Data records:
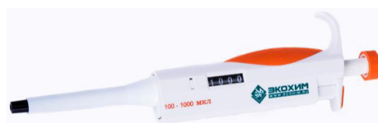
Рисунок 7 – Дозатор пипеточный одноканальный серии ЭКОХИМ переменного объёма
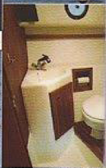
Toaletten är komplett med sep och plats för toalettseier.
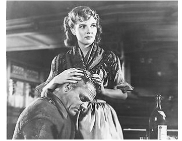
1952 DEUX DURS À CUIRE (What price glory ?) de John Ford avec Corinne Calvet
* * *
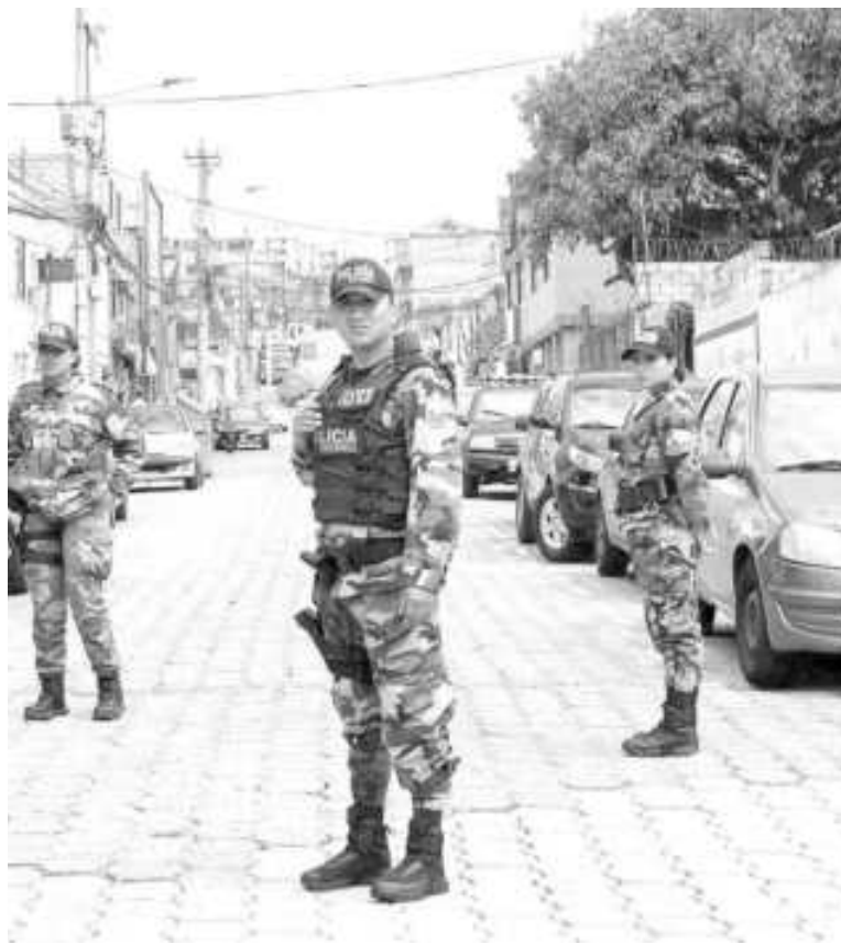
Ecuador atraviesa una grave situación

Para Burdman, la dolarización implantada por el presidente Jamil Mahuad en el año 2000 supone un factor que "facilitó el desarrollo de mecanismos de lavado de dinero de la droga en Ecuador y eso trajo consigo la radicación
--
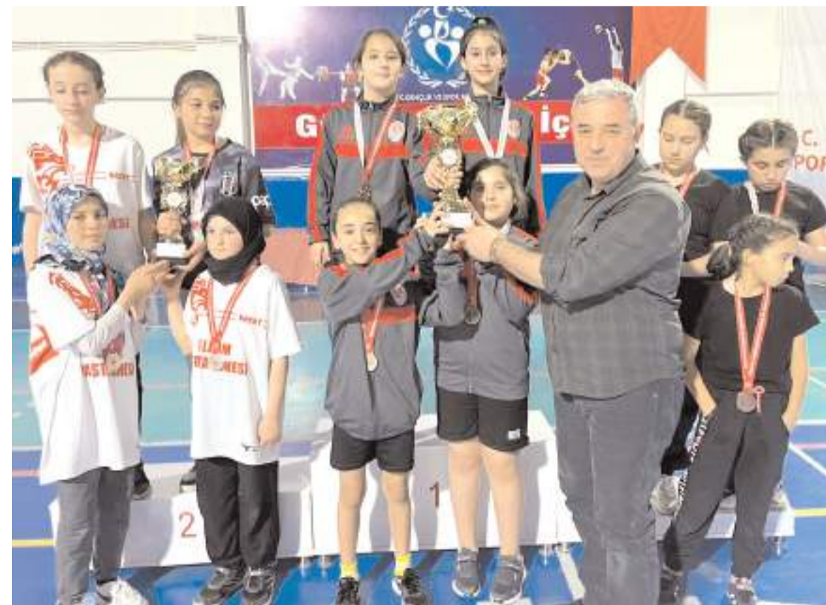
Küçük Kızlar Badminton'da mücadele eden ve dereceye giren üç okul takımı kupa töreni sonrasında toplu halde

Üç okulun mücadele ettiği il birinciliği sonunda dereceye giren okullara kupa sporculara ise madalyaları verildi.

Task to complete: Each line of the material that has "mücadele" in it should be counted; reply with that number alone.

Written response: 2